I got a couple new weapons for my cooking arsenal this year. My sister got me a Lodge 12" Seasoned Iron Skillet.  I had been reluctant to try using a cast iron skillet for many years. They're heavy, can be a pain to clean, etc.  But I know that all the best cooks use them, so I decided to put it on my Amazon Wish List and if it was meant to be, someone would get it for me for Christmas.  Alas, the stars aligned and I am now the proud owner of a cast iron skillet. I've made a couple of dishes with it already, and will blog those separately, along with the recipes and my notations (I can't ever leave a recipe totally alone).

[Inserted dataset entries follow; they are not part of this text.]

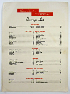 Cocktail Drink Wine Menu Sherman Hotel Room Service Chicago IL 1950-60s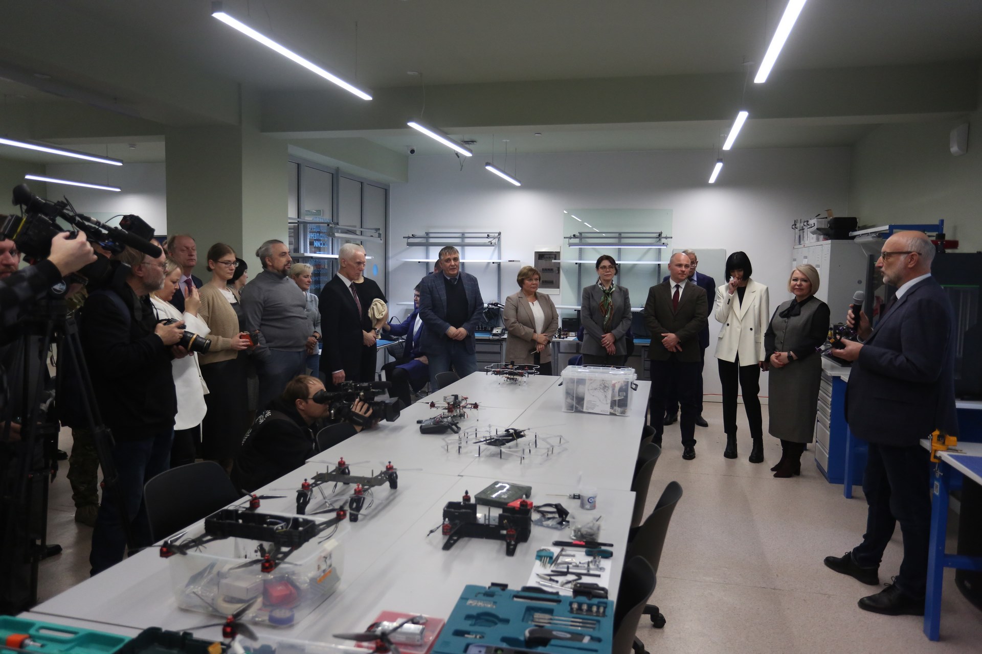 Основатель школы дронов Drontech.pro, доцент Сибирского федерального университета Олег Холкин провёл презентацию первой очереди производственной линии по сборке беспилотных аппаратов. Представители региональных министерств смогли лично поучаствовать в производственном процессе, а также испытать себя в роли операторов беспилотных летательных аппаратов (БПЛА) на профессиональных симуляторах с реалистичной физикой полёта.
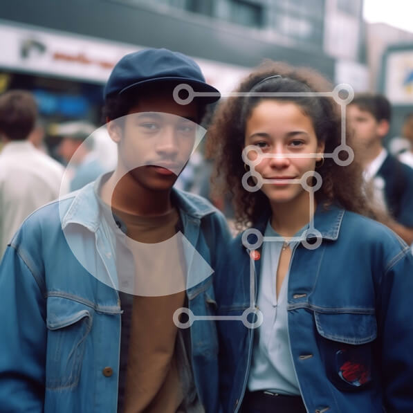 Intra Συλλεκτικό Ξύλινο Παζλ Plywood 4mm – Ευτυχισμένο ζευγάρι στο δρόμο της πόλης φορώντας τζιν και δερμάτινα μπουφάν Σε Ξύλινο Κουτί – Διαστάσεις Puzzle: 10×10 cm – 25 κομμάτια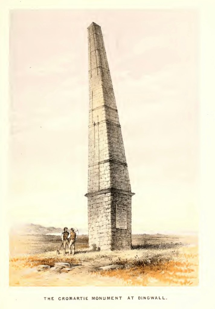 “This place affords very little news … The Earl of Cromartie died Friday last, universally regrated. Upon hearing of the Queen’s death he shutt himself up in his closet for three hours, was very melancholy when he came out, went to bed and niver rose again.” The Earl had left instructions however – seemingly now less eccentric in the context of this article – to be buried outside the parish church of Dingwall (where, it seems, his father and grandfather had also been buried) under an obelisk on a large earth mound, a former place of assembly, which was perhaps originally the Viking “thing” (place of assembly) which forms part of the etymology of the place name Dingwall, and which was known from at least the 16th century as the moothill. The obelisk was built in 1710 but following an earthquake in 1816 it was dangerously leaning and so sadly had to be taken taken down in 1920. However, the late Earl Rorie’s mother, Countess Sibill, had a replica built in 1923. We cannot know what original inscriptions it may or may not have had on it, but some photographs which pre-date this do survive, and there are some more details preserved in the form of the 1923 memorial plaque, happily renewed in 1976 by the always wonderfully historically-conscious Rorie.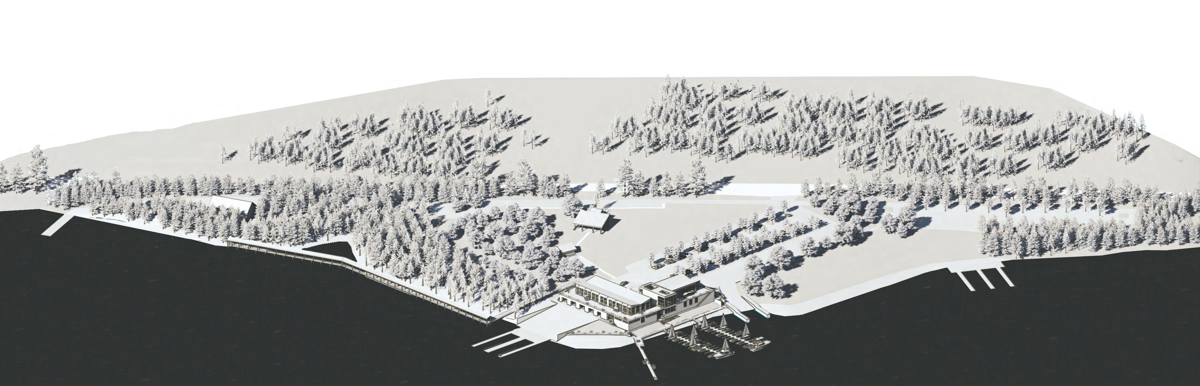 Located on the northern side of the Dexter Reservoir, the primary focus and intent of the new Rowing Center was to celebrate the surrounding natural beauty of the reservoir and landscapes, as well as the history of the rowing programs that have been at the reservoir for many years. At the beginning of this term, we toured the current facilities that the Univeristy of Oregon, OAR, and SERC rowing programs use. It quickly became a primary focus of my overall design scheme for the new center to not only be a major upgrade for the respective teams, but for it to also stand as a testament to all the hard work and dedication of all the rowers and coaches that have fought to better these three programs. What led to the proposed placement of the rowing center was based on a couple of factors. The major, primary focuses of the design was taking maximum advantage of the sweeping 180 degree views of the lake and surrounding forests and mountains from the corner spot that I chose. Another major consideration for the new center was placing it in an area of the site that had already been manipulated. It was a major goal of mine to limit as much as possible the amount of damage made to the site to build the new rowing center. Parking was also another major consideration, as regatta days at the lake lead to the vast majority of the spectators having to park on the street and walk along one of the busiest roads in Lowell was a major consideration when I focused on site improvements and making the park better overall.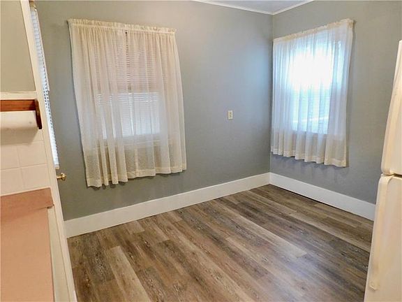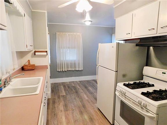 Brand new flooring and fresh paint on this perfect rental or starter home close to Buhl Park and Sharon Schools, as well as local restaurants and stores; private corner lot in a great neighborhood, living room, dining room, 2 bedrooms as well as full bath; Lovely 7 X 12 sunroom and full basement which has second bath and nice storage; 90 percent efficiency furnace and newer hot water tank; Newer replacement windows; 1 car detached garage and extra storage.

The other item on my wish list that I got for Christmas is another pasta maker attachment for my Kitchen Aid Mixer. Last year I got the regular pasta roller attachments that make the flat pastas like fettuccine,  linguine, etc. After experimenting with that, and LOVING the pasta that it makes, I added the pasta extruder attachment to my wish list. The stars aligned again, and my wonderful husband got me that attachment as well. Now, I'll be able to make macaroni, rigatoni, spaghetti, etc.  I did buy myself a ravioli mold last year but have never gotten around to trying out ravioli yet. I've been kicking around a recipe idea in my head that is a different take on eggs benedict that involves a ravioli with an egg inside. I'll post that too if I ever try it.

Wish me luck on my new cooking adventures and that I'll actually get some of them posted this time.